There were so many distractions, though—his dizzy hunger, the glare of the sunlight, the worry of recognition, the weight of the too-heavy bracelet he’d forgotten to hide, the pain in his heel every time he took a step, the wretched sick feeling in his stomach that had nothing to do with food and everything to do with Rafael Reyes—
“Oi, Julian! Er, Mr. Gault, sir!”
Julian’s body was already turning to run before he froze, recognizing the voice.
 
; Robert, Uncle Eddie’s valet, came jogging up to him, his high-necked uniform unusually rumpled. The dapper young Brit was really a bit of a doofus, but good at presenting himself in proper valet fashion. “Oh, good! Thought that was you.”

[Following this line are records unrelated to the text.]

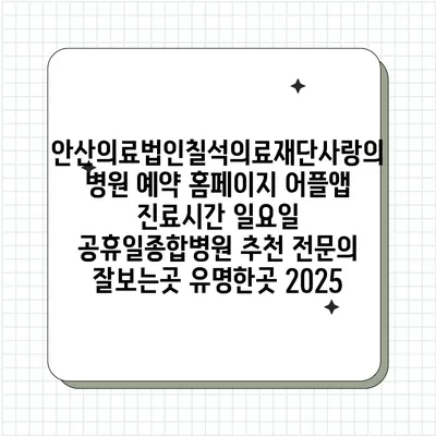 안산의료법인칠석의료재단사랑의병원 예약 홈페이지 어플앱 진료시간 일요일 공휴일종합병원 추천 전문의 잘보는곳 유명한곳 2025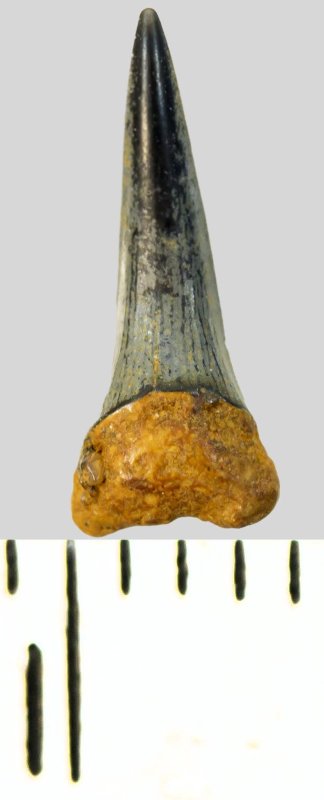 Зуб (фрагмент). Акула. Eostriatolamia subulata (Agassiz, 1843). Классификация: Хордовые Chordata, Позвоночные Vertebrata, Хрящевые рыбы Chondrichthyes, Пластиножаберные Elasmobranchii, Акулы Selachii, Ламнообразные Lamniformes, Песчаные акулы Odontaspididae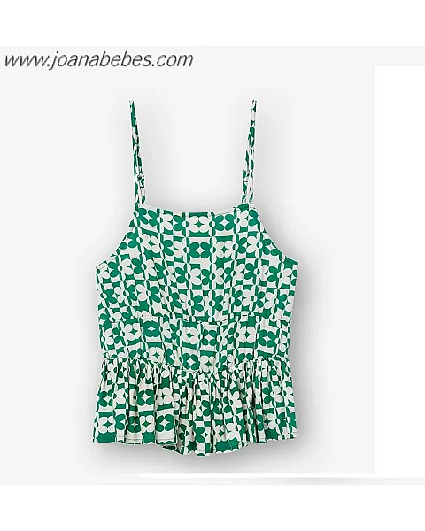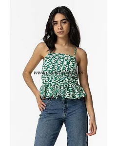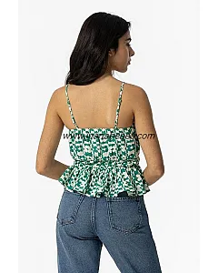Top de escote recto y tirantes finos ajustables. Estampado all over. Detalle elásticos y volantes.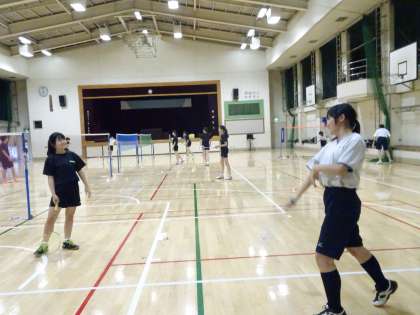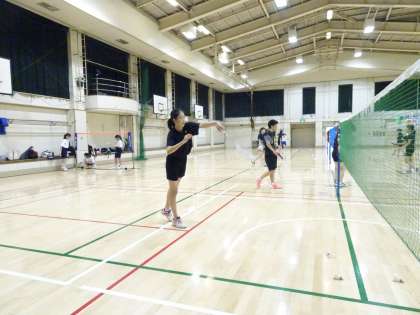 体育館ではバドミントン部が活動しています。サーブの練習をしていまいた。(遠藤)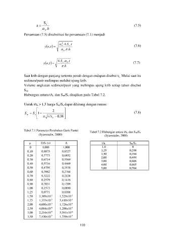 (Syamsudin, 2000) Tabel 7.2 Hubungan antara t/tL dan Sm/So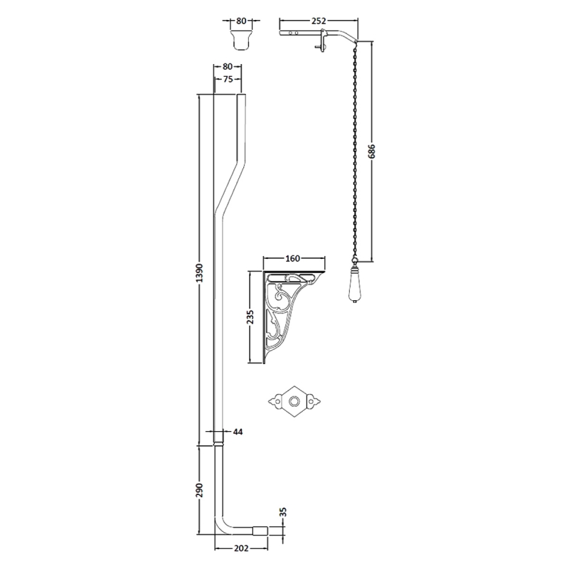 Hudson Reed Traditional High Level Toilet Flush Pipe Pack - Chrome | Product Image Hudson Reed Traditional High Level Toilet Flush Pipe Pack - Chrome

“Thanks for announcing it,” Julian said dryly, eyeing the crowd in front of his apartment building. So far no one had peeled off in his direction. “What are you doing here?” As with Svetlana, Julian usually only saw Robert at discreet pre-arranged meetings.
“I’m sent to collect Christian.”
Julian frowned. “Collect? From where?”
“From you! Isn’t he here with you?”
Julian felt a chill of uneasiness. “No, I haven’t seen him since the Renaissance Faire, day before yesterday.”
“Right-o. I will of course inform Uncle Eddie of that immediately,” Robert said easily. “But, erm…he actually is here, right? Asking on me own behalf only.”
“He really isn’t,” Julian said with a deep frown. “Why would he be?”
“Well, he ain’t at home. He and Uncle Eddie have had a row of some sort, I reckon—and I reckon he’ll turn up again when he wants to and not before. But Uncle Eddie thought sure he’d run straight to you, and so did I, truth be told. Where else would he go?”
Where else indeed?
Robert shrugged uncomfortably. “Well, he’s good at looking after himself, that one. ‘M sure he’ll be fine.”
“I’m sure he will,” Julian said, not sure of any such thing. “You’ll tell me if he turns up?”
“Sure thing. Cheers, Julian!” Robert turned to go.
And a passing woman with an enormous camera perked up like a shark scenting blood. “Julian?”
Julian swore and began to run.
* * * *
In the elevator, headed downstairs to the building’s pool, Rafi found himself cornered by a reporter. What publication she was with or how she’d gotten in, he couldn’t say; she didn’t even seem to be looking for him, but she was delighted to have found him.
“So what happened between you and Julian Gault?” she said, recording him on her phone.